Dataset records
============
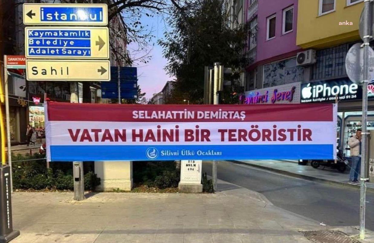 Silivri Olku Okaklari, tutuklu bulunan HDP eski Genel Başkanı Selahattin Demirtaş için birçok yere “Selahattin Demirtaş hain bir teröristtir” yazılı pankartlar asmıştı. Demirtaş Savunma Grubu bugün konuyla ilgili yazılı bir açıklama yaptı. Sadece Demirtaş’a değil, kendisine oy veren vatandaşlara da hakaret ve iftiralarda bulunulduğu belirtilen açıklamada, bu konuda suç duyurusunda bulunulduğu bildirildi. Açıklamada şunlar belirtildi:
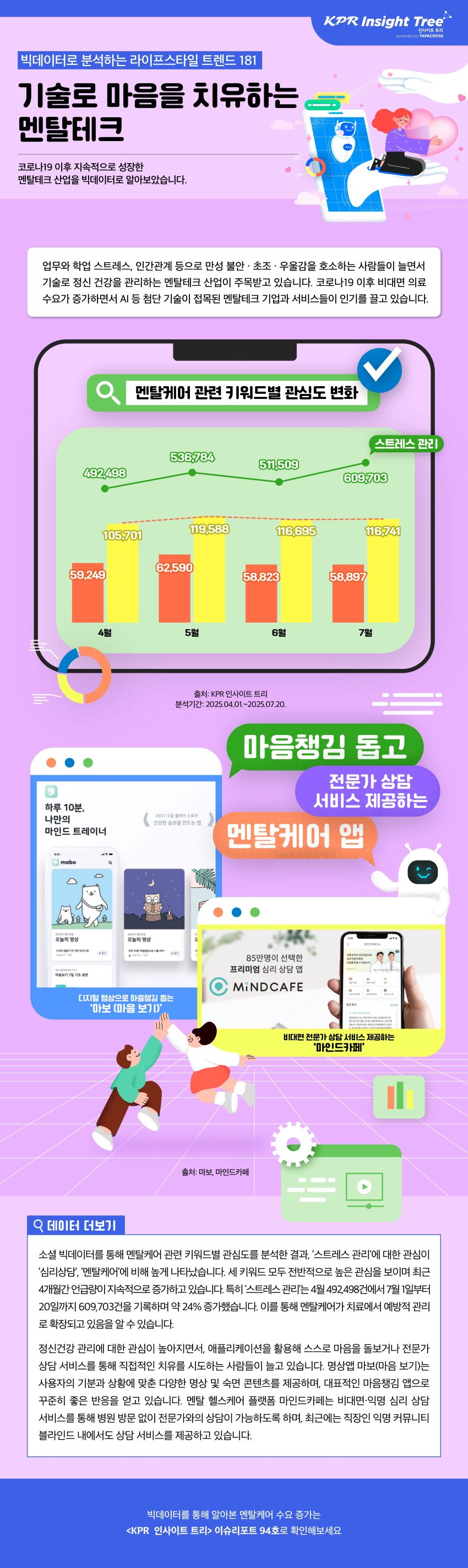 업무와 학업 스트레스, 인간관계 등으로 만성 불안∙초조∙우울감을 호소하는 사람들이 늘면서 기술로 정신 건강을 관리하는 멘탈테크 산업이 주목받고 있습니다. 코로나19 이후 비대면 의료 수요가 증가하면서 AI 등 첨단 기술이 접목된 멘탈테크 기업과 서비스들이 인기를 끌고 있습니다.
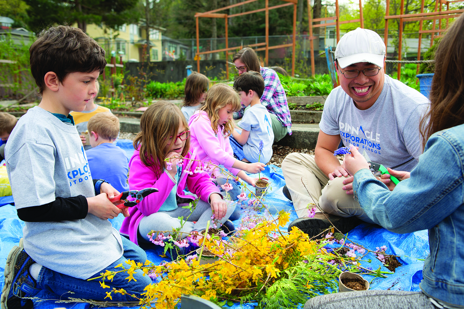 Sean Chan, founder and executive director of Pinnacle Explorations Outdoor School, a nonprofit educational organization based in Seattle, leads a group of eager students, ages 5 to 10, to the Washington Park Arboretum, less than a half-mile trek from their classroom in Madison Valley. His class has been conducting science experiments to learn about water, buoyancy and density; today, they’re excited to test their handcrafted rafts made of fallen tree branches and rubber bands in the arboretum’s streams.
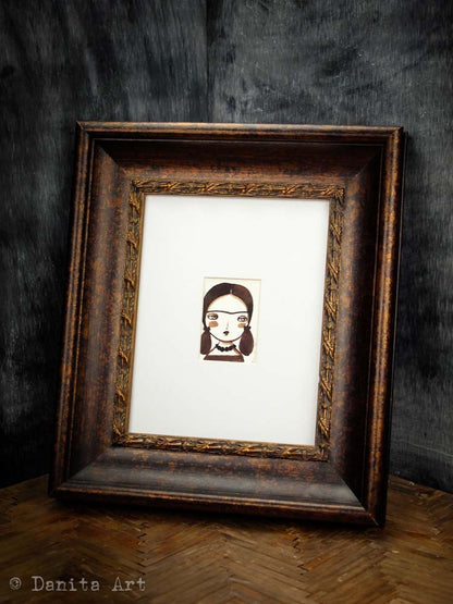 This painting measures 2.5 x 3.5 inches, and arrives mounted on an 8x10 mat, ready to place in your desk or hang on your wall on your favorite frame. Anywhere where you need a little cheerful mini Frida by Danita, she will be there to make your day brighter!
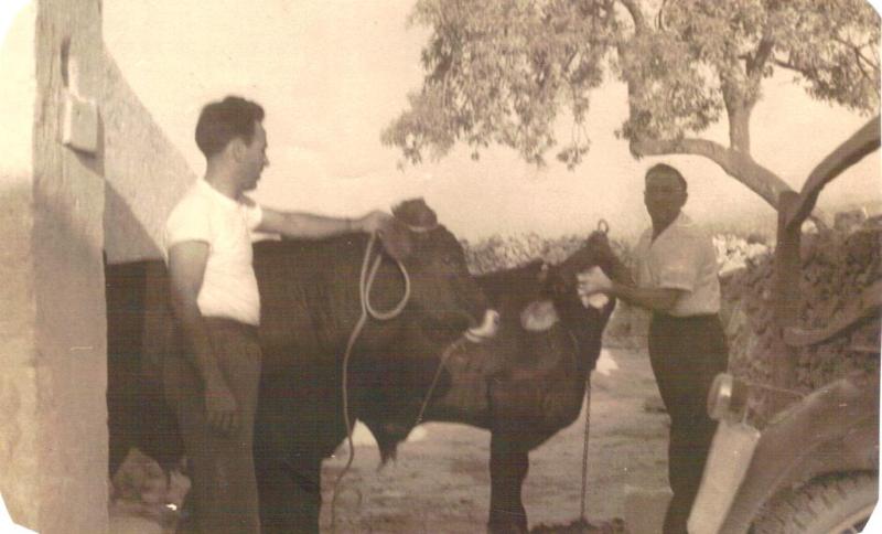 1948 or 49: Santo con suo figlio Giuseppe al macello!
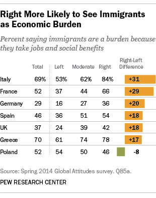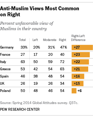 Un al doilea articol e analiza unui sondaj realizat de Pew Research Center. Analiza în sine urmărește modul în care percepția cetățenilor UE privind migrația și, printre altele, în mod specific, migrația musulmanilor e influențată de ideologiile pe care și le asumă respectivii cetățeni și observă un dezechilbru destul de evident între adepții valorilor de stânga și cei ai valorilor de dreapta (datele sunt extrase dintr-un sondaj premergător alegerilor europene din luna mai a anului trecut, încercând să explice anumite tendințe de vot). Concluzia e că cei care împărtășesc valori de dreapta se pronunță mult mai pregnant împotriva imigranților și/sau a musulmanilor, de unde și regăsirea acestei teme preponderent pe agenda unor formațiuni radicale de dreapta ca UKIP (Marea Britanie), Frontul Național (Franța) ori Zori Aurii (Grecia).
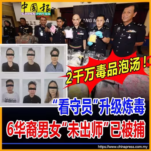 (莎阿南7日訊)6名華裔男女受僱當販毒集團看守員,隨後心癢難耐下買了煉毒化學品,想嘗試自學煉毒,結果還未來得及「自學成才」,即被警方上門突擊,6人當場落網,連同總值1976萬令吉各類毒品悉數被充公!
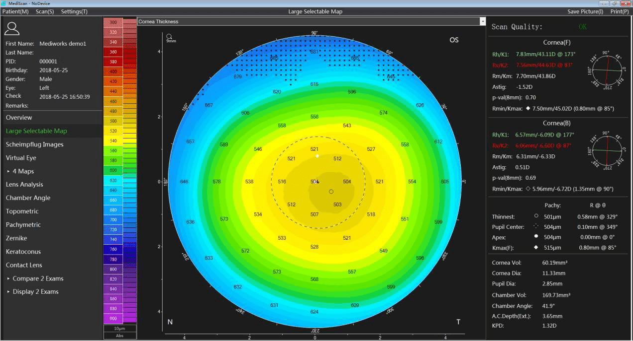 Moderne Bildgebung mittels Scheimpflugkamera und OCT misst die Hornhautdicke (Pachymetrie), die als Korrekturfaktor bei der Messung des Augendrucks von Bedeutung ist. Weiters können wir die Größe des Kammerwinkels messen. Bei zu engem Kammerwinkel kann es zu einem akutem Glaukomanfall mit akuter Augendrucksteigerung und gleichzeitig auftretenden Schmerzen sowie einer Herabsetzung des Sehvermögens an dem betroffenen Auge kommen (Glaukomanfall). Im Anschluß kann eine Behandlung mit einem Augenlaser (YAG-Laser Iridotomie) erfolgen.
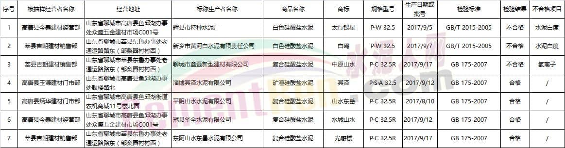 水泥商品質(zhì)量抽檢結(jié)果明細(xì)
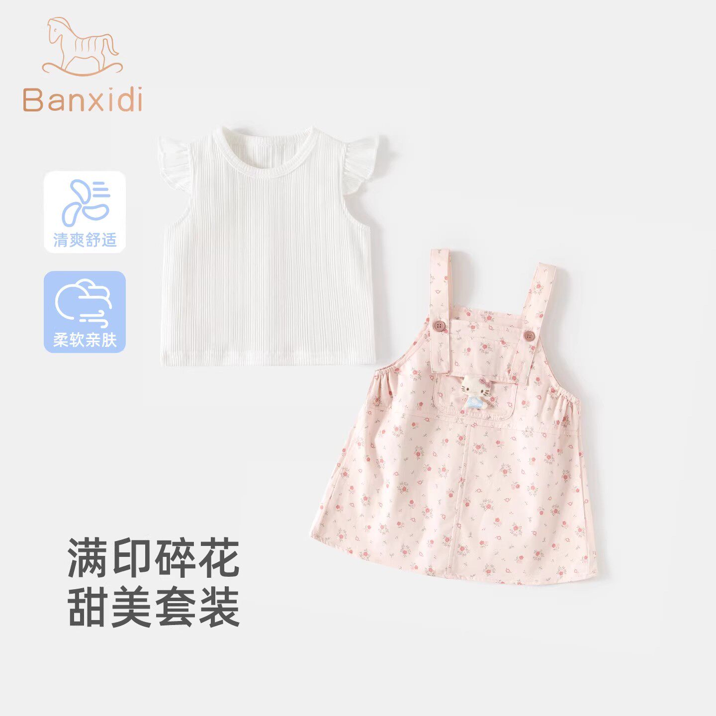 班喜迪女童连衣裙夏装2026新款裙子宝宝公主裙套装夏季儿童背带裙
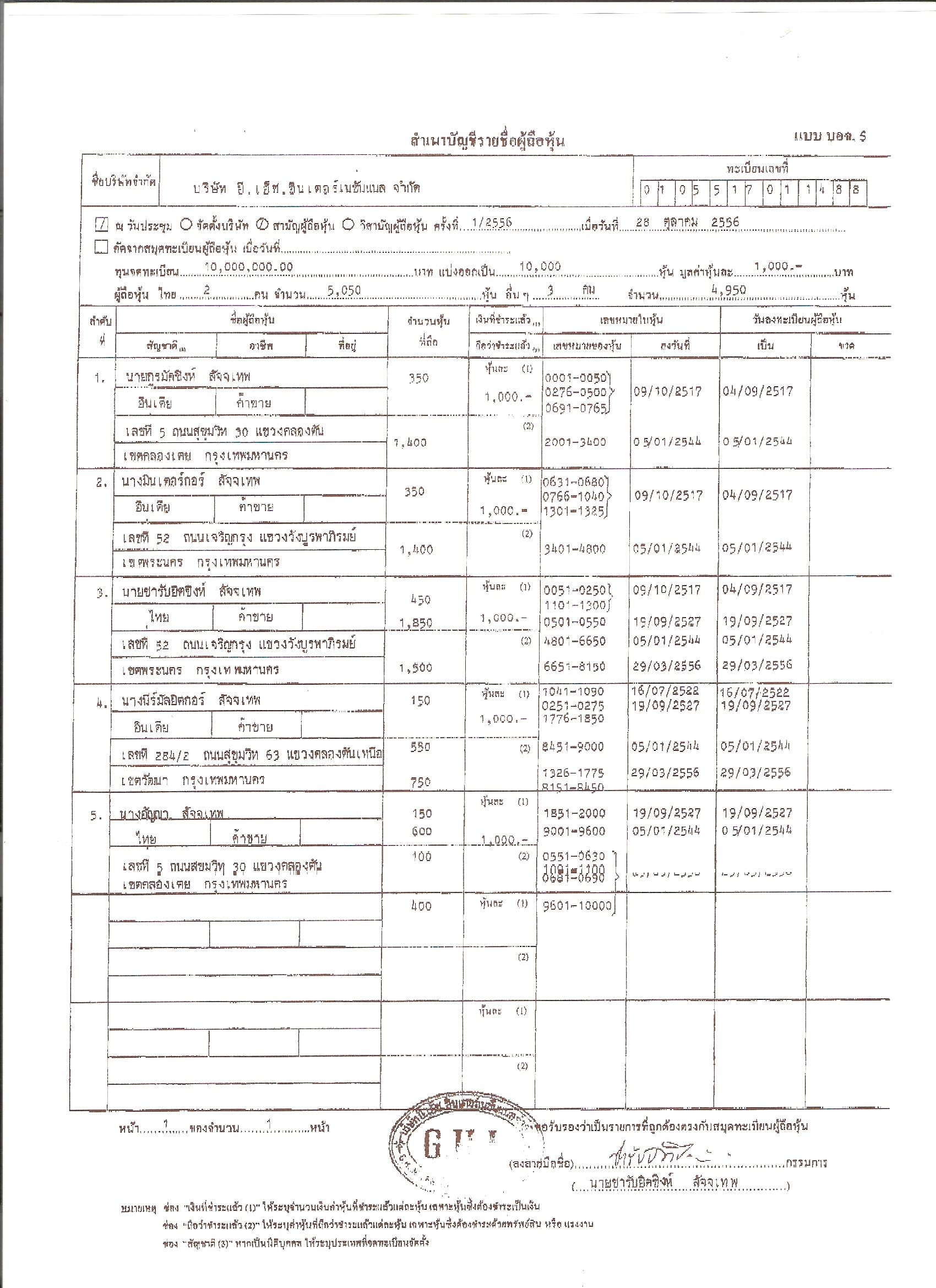 สำเนาบัญชีรายชื่อผู้ถือหุ้น บริษัท ยี.เอ็ช.อินเตอร์เนชั่นแนล จำกัด ณ วันที่ 28 ตุลาคม 2556 มีจำนวนผู้ถือหุ้น 5 ราย
============
EXERCISE INSTRUCTIONS
Print exactly the line containing "Moderne Bildgebung mittels" and every line after it through the final line above, and leave all pictures out.

ANSWER BOX
 Moderne Bildgebung mittels Scheimpflugkamera und OCT misst die Hornhautdicke (Pachymetrie), die als Korrekturfaktor bei der Messung des Augendrucks von Bedeutung ist. Weiters können wir die Größe des Kammerwinkels messen. Bei zu engem Kammerwinkel kann es zu einem akutem Glaukomanfall mit akuter Augendrucksteigerung und gleichzeitig auftretenden Schmerzen sowie einer Herabsetzung des Sehvermögens an dem betroffenen Auge kommen (Glaukomanfall). Im Anschluß kann eine Behandlung mit einem Augenlaser (YAG-Laser Iridotomie) erfolgen.
 水泥商品質(zhì)量抽檢結(jié)果明細(xì)
 班喜迪女童连衣裙夏装2026新款裙子宝宝公主裙套装夏季儿童背带裙
 สำเนาบัญชีรายชื่อผู้ถือหุ้น บริษัท ยี.เอ็ช.อินเตอร์เนชั่นแนล จำกัด ณ วันที่ 28 ตุลาคม 2556 มีจำนวนผู้ถือหุ้น 5 ราย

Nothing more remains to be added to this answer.